Such encounters are rather more common on the bustling roads of India, and whilst as a cyclist, it’s relatively easy to avoid such interlopers, especially if you’re crawling up a mountain, for human powered and autonomous cars, the challenge is a serious one.
A recent paper examines how such circumstances can be safely navigated, and indeed how the technology being developed for autonomous vehicles can be placed into existing cars as a driver aid.
The researchers, from the Department of Electronics & Communication, at Gujarat Technological University, in Ahmedabad, India, point out that livestock and other animals are a frequent presence on Indian roads, and contribute to a significant number of accidents.
India has the second largest road network in the world, and roughly 1 in 20,000 people die there in a road traffic accident. What’s more, 12 in 70,000 are seriously injured.
The team have developed a collision alert system using a dashboard mounted camera and a smart algorithm that can spot whether the objects detected as the car moves are on-road cows, and subsequently whether the movement of the cow presents a risk to the vehicle.
The system then alerts the driver via a timely audio or visual indicator to nudge them into applying the brakes. Suffice to say, the system is at a nascent stage of its development, and requires improvements to work as effectively in night-time or other poor visibility conditions,
It’s one of a number of projects that are designed to help detect more unusual road users. For instance, I wrote recently about a project designed to better detect cyclists on the road.
The algorithm they’ve developed forms a central part of what they call Deep3DBox, which is able to take a 2D image, identify road users within it, and then create a 3D box that surrounds each of them. It is also capable of determining the direction the vehicle is going in.
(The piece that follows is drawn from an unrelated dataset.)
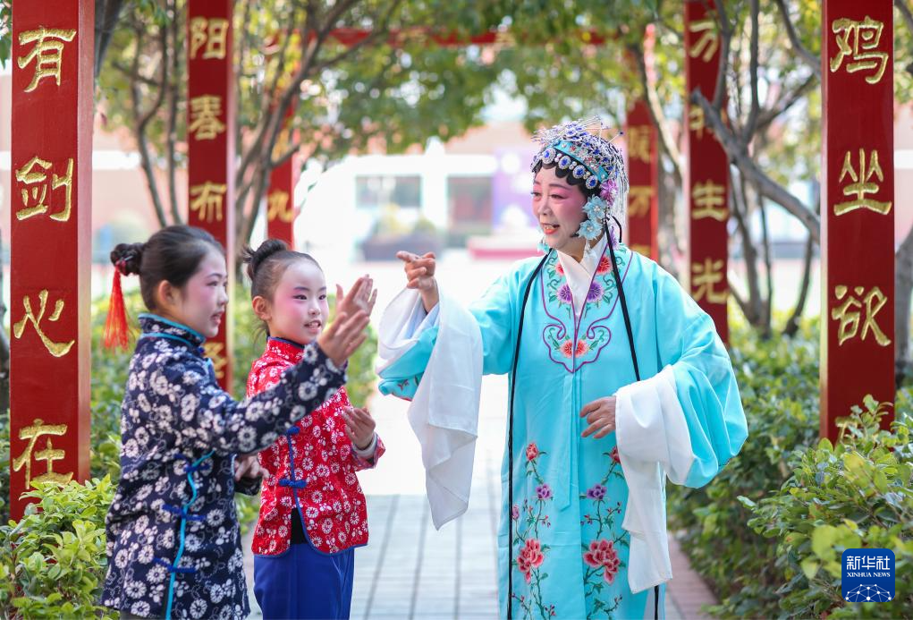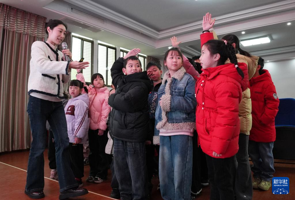 2月8日,在江苏省泰州市姜堰区城西学校教育集团城西小学校区公益寒托班上,戏曲老师指导学生练习戏曲基本动作。新华社发(周社根 摄)

When the algorithm was tested, it was able to correctly identify 89% of vehicles, but cyclists were another matter, with just 75% of bicycles identified, with much less success determining their direction.
Better scanning equipment and maps will no doubt help improve this statistic, but the inherent unpredictability of cyclists adds an extra layer of difficulty to the task.
“Bicycles are much less predictable than cars,” the authors say, “because it’s easier for them to make sudden turns or jump out of nowhere.”
Autonomous vehicles are already pretty good at detecting motor vehicles on the road, and it’s promising to see projects emerging that help them spot the various other forms of road user too.